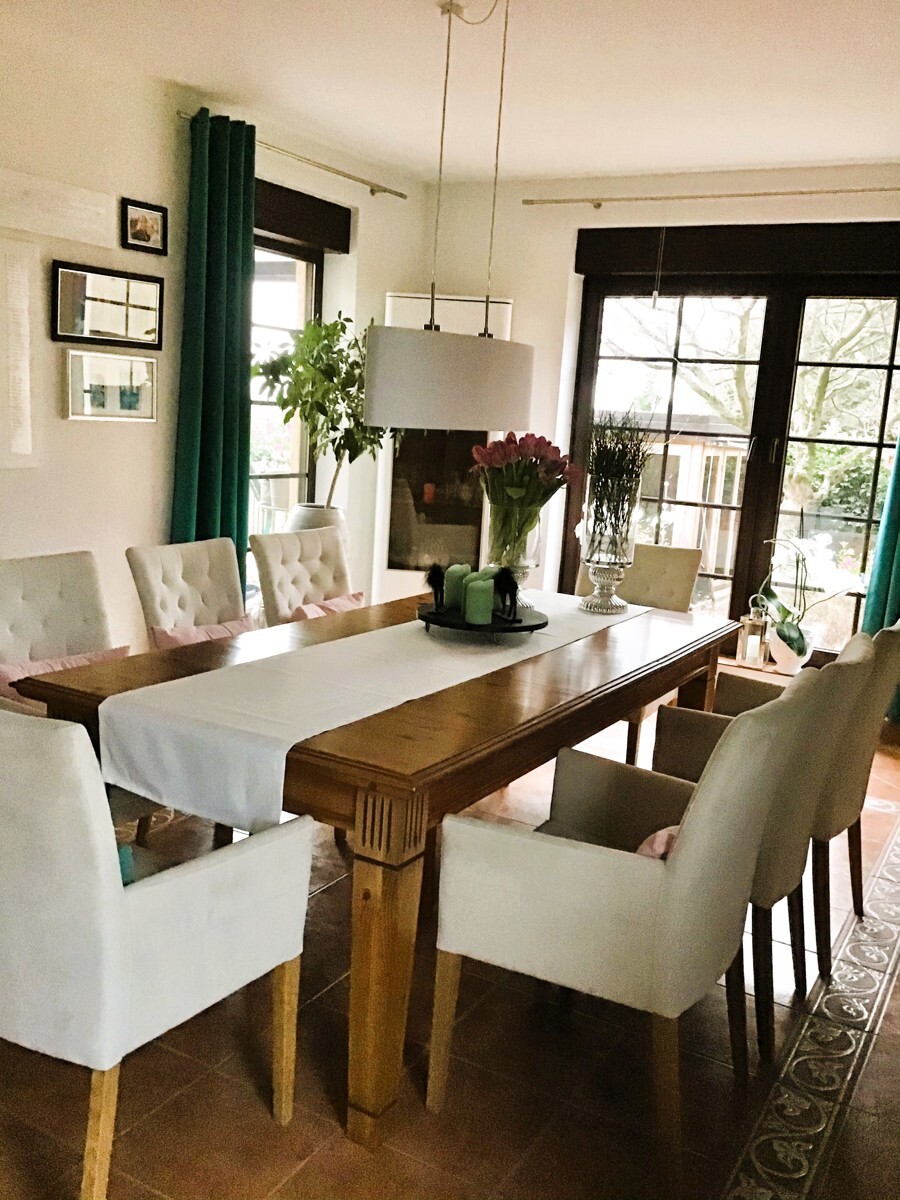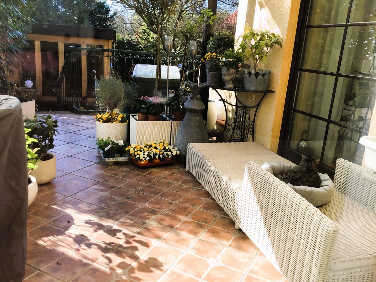 American housing contract welcome Size: 240 sqm (25837 sqft) Plot sizes 437 sqm (4704 sqft) Living room with fireplace and separate dining area Bedrooms: 6 Fitted kitchen with appliances: dishwasher, oven, refrigerator, freezer, el. stove, hood Bathrooms: 3,5 (tub and shower) Basement: granny flat with kitchen plus guest room + laundry + heating room Parking: garage with add. storage+ 3 parking spots on site Floor: ceramics with floor heating Appliance: shutters, light fixtures, Outdoor: fenced yard, terrace, winter / summer garden lounge (not heated) Pet’s allowance: negotiable Deposit: 2 cold rents
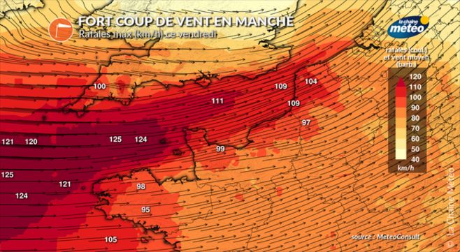 Pour l'Ile-de-France et les Hauts-de-France, la pluie tombe avec un vent très fort en début de matinée : si vous circulez en voiture pour aller au travail, par exemple, vous serez sans doute un peu géné. Le vent est plus violent près des côtes, mais les rafales atteignent également 80 à 90 km/h dans les terres, ce qui n'est pas anodin. Après la pluie du matin, une succession d'averses parfois orageuses se produira toute la journée. Les vents faibliront graduellement en fin d'après-midi et soirée.
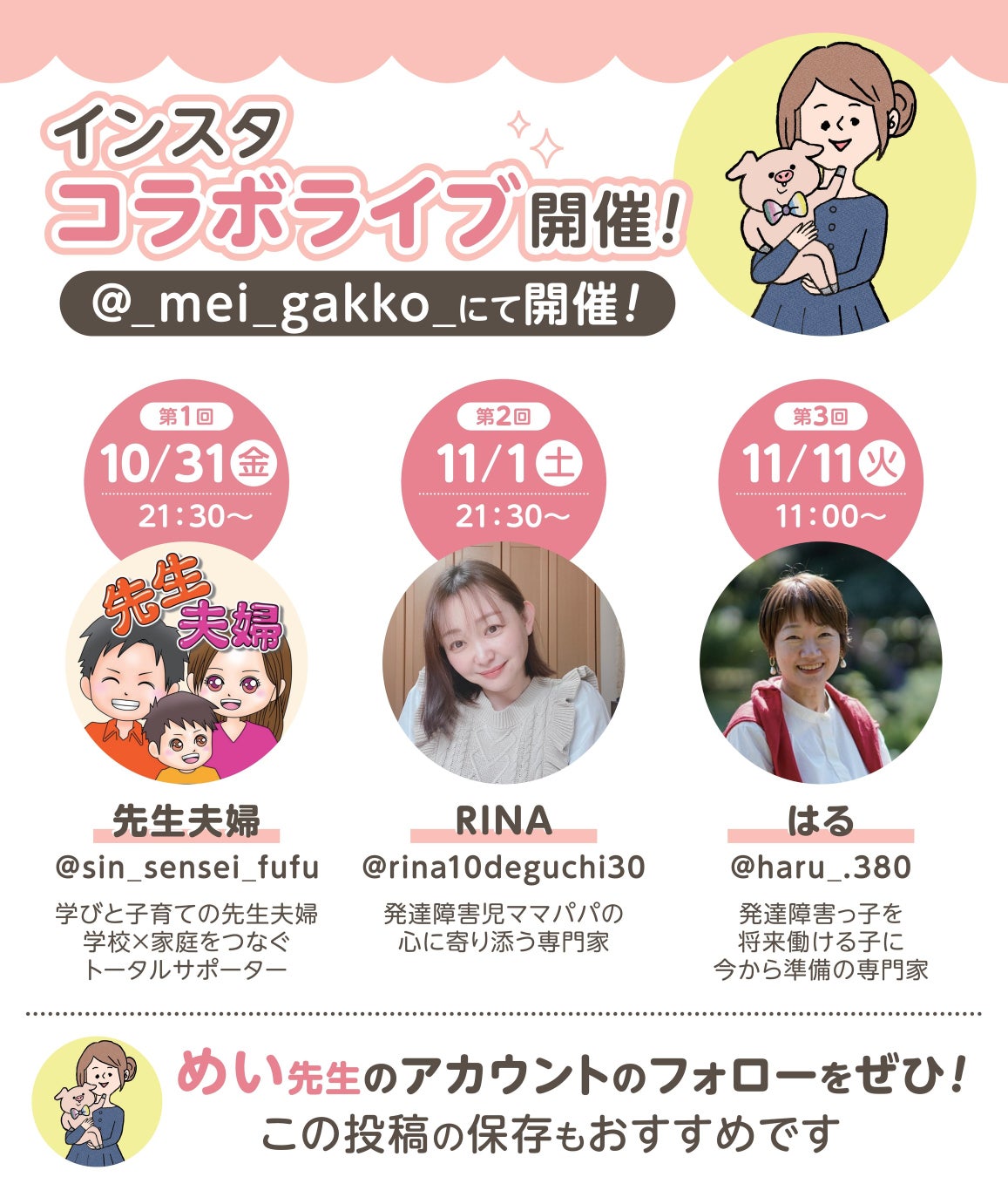 本書刊行を記念して、著者であるめい先生とInstagramにてご活躍されている3名のインフルエンサーとのコラボライブを、3回にわたり配信いたします。ご出演いただく3名の方は、発達障害の子どもたちが学校で健やかに過ごすためのサポートや、その親御さんのお悩み、進路相談のための情報発信を日々行っております。コラボライブでは、本書の内容やみなさまの専門性を活かしたお話をたっぷり語っていただきます。ぜひご覧ください!
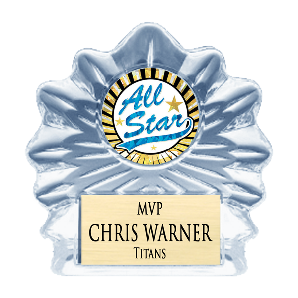 This clear flame sculpted ice trophy with selectable insert is perfect for recognizing the achiever.

_ _ _ _ _ _ _

### EXERCISE OBJECTIVE
Take every line of the material and copy it exactly, leaving out the pictures.

### EXERCISE RESPONSE
 American housing contract welcome Size: 240 sqm (25837 sqft) Plot sizes 437 sqm (4704 sqft) Living room with fireplace and separate dining area Bedrooms: 6 Fitted kitchen with appliances: dishwasher, oven, refrigerator, freezer, el. stove, hood Bathrooms: 3,5 (tub and shower) Basement: granny flat with kitchen plus guest room + laundry + heating room Parking: garage with add. storage+ 3 parking spots on site Floor: ceramics with floor heating Appliance: shutters, light fixtures, Outdoor: fenced yard, terrace, winter / summer garden lounge (not heated) Pet’s allowance: negotiable Deposit: 2 cold rents
 Pour l'Ile-de-France et les Hauts-de-France, la pluie tombe avec un vent très fort en début de matinée : si vous circulez en voiture pour aller au travail, par exemple, vous serez sans doute un peu géné. Le vent est plus violent près des côtes, mais les rafales atteignent également 80 à 90 km/h dans les terres, ce qui n'est pas anodin. Après la pluie du matin, une succession d'averses parfois orageuses se produira toute la journée. Les vents faibliront graduellement en fin d'après-midi et soirée.
 本書刊行を記念して、著者であるめい先生とInstagramにてご活躍されている3名のインフルエンサーとのコラボライブを、3回にわたり配信いたします。ご出演いただく3名の方は、発達障害の子どもたちが学校で健やかに過ごすためのサポートや、その親御さんのお悩み、進路相談のための情報発信を日々行っております。コラボライブでは、本書の内容やみなさまの専門性を活かしたお話をたっぷり語っていただきます。ぜひご覧ください!
 This clear flame sculpted ice trophy with selectable insert is perfect for recognizing the achiever.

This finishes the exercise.